It's after midnight in Pyongyang, and North Korea hasn't conducted the missile launch that many anticipated would commemorate founder Kim Il-sung's birthday today. That's not at all affecting the Pentagon's defense preparations during this renewed period of tension with the North.
Missile launch or no, the Pentagon isn't about to send home the planes, ships and missile-defense systems it's ordered to or near the Korean peninsula. Pentagon officials emphasize that they can't predict North Korea's behavior. They say they don't want to read much into leader Kim Jong-un's apparent decision not to celebrate his grandfather's birthday by shooting a Musudan medium-range missile, believed to be capable of reaching Guam -- which, ironically, might have represented a way to tamp down hostilities.
"North Korea poses a ballistic missile threat," says Army Lt. Col. Cathy Wilkinson, a Pentagon spokeswoman. "We stand ready to defend ourselves, our allies and our national interests against that threat."
The last several weeks have seen a flurry of U.S. military movements related to tensions with North Korea.
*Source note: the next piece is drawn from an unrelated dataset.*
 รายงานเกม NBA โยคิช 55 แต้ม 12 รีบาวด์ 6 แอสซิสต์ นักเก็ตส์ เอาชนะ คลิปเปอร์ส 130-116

F-22 Raptor stealth jets and B-2 and B-52 bombers joined a U.S.-South Korean military exercise earlier this month. Adm. Samuel Locklear, the U.S. military commander for Asia and the Pacific, told Congress last week that anti-missile ships and land-based interceptors are capable of shooting down a North Korean missile. Those systems include a Terminal High Altitude Area Defense battery recently deployed to Guam; and a powerful, sea-based X-band radar the Pentagon says is currently in position near North Korea, all of which supplement a land-based X-band radar detection system in northern Japan (a second, announced last fall, is on its way to southern Japan). And that's on top of 14 additional long-range missile interceptors that Defense Secretary Chuck Hagel recently ordered deployed to Alaska.
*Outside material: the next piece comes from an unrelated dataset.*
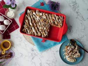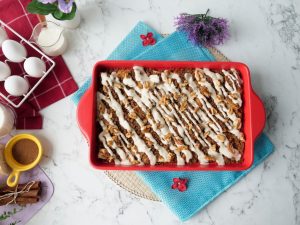 Take out casserole from refrigerator & remove cling film.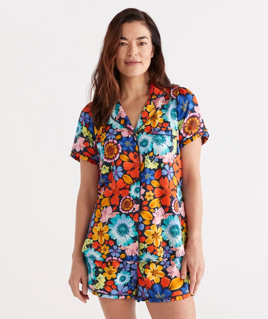 Designed in Melbourne, the Floral Shortie Set showcases our exclusive hero print this month. Crafted from a soft viscose cotton fabrication, this style sits softly against for the perfect night sleep.

The Pentagon has not cut short or reversed any of those plans, which Wilkinson called "prudent decisions." No one wants to predict that North Korea won't conduct a missile launch imminently just because Kim Il-sung's birthday has come and gone. Pyongyang moved missiles to an eastern launch pad about a week ago, and Pentagon officials say they haven't seen any significant military de-escalations from North Korea
Ironically, a missile launch that plopped into the Pacific Ocean without hurting anyone would likely be seen as Kim Jong-un ratcheting tensions down. Senior U.S. military officers have expressed concern for weeks that Kim has not given himself a face-saving way of climbing down from his recent bellicose rhetoric, which has included formally nullifying North Korea's armistice with South Korea and threatening to nuke its adversary in Seoul. A former top CIA Korea analyst, Sue Mi Terry, recently told Danger Room she expects some form of northern attack on South Korea before the current crisis abates.
North Korea does not have missiles capable of striking the U.S. homeland. But the Pentagon's intelligence arm recently assessed with "moderate confidence" that Pyongyang has successfully miniaturized a nuclear warhead to fit on its missiles, which helps explain the accelerated U.S. missile-defense responses. The Daily Beast's Eli Lake reports today that recovered wreckage from a December medium-range rocket launch contributed to that assessment.
Secretary of State John Kerry told North Korea this weekend that the Obama administration was willing to reopen dialogue with North Korea provided Pyongyang first take clear steps to roll back its nuclear program. But now, with Kim Il-sung's birthday having come and gone without a missile launch, the U.S. is still waiting to see if his grandson will take any steps to dial back the crisis.
"We've seen the press reports that North Korea may be making preparations to launch a missile and won't be surprised if they take this action again," Wilkinson says. "We are monitoring the situation very closely and are coordinating with South Korean officials and military commanders, as well as with Japan, China, Russia and other partners in the international community."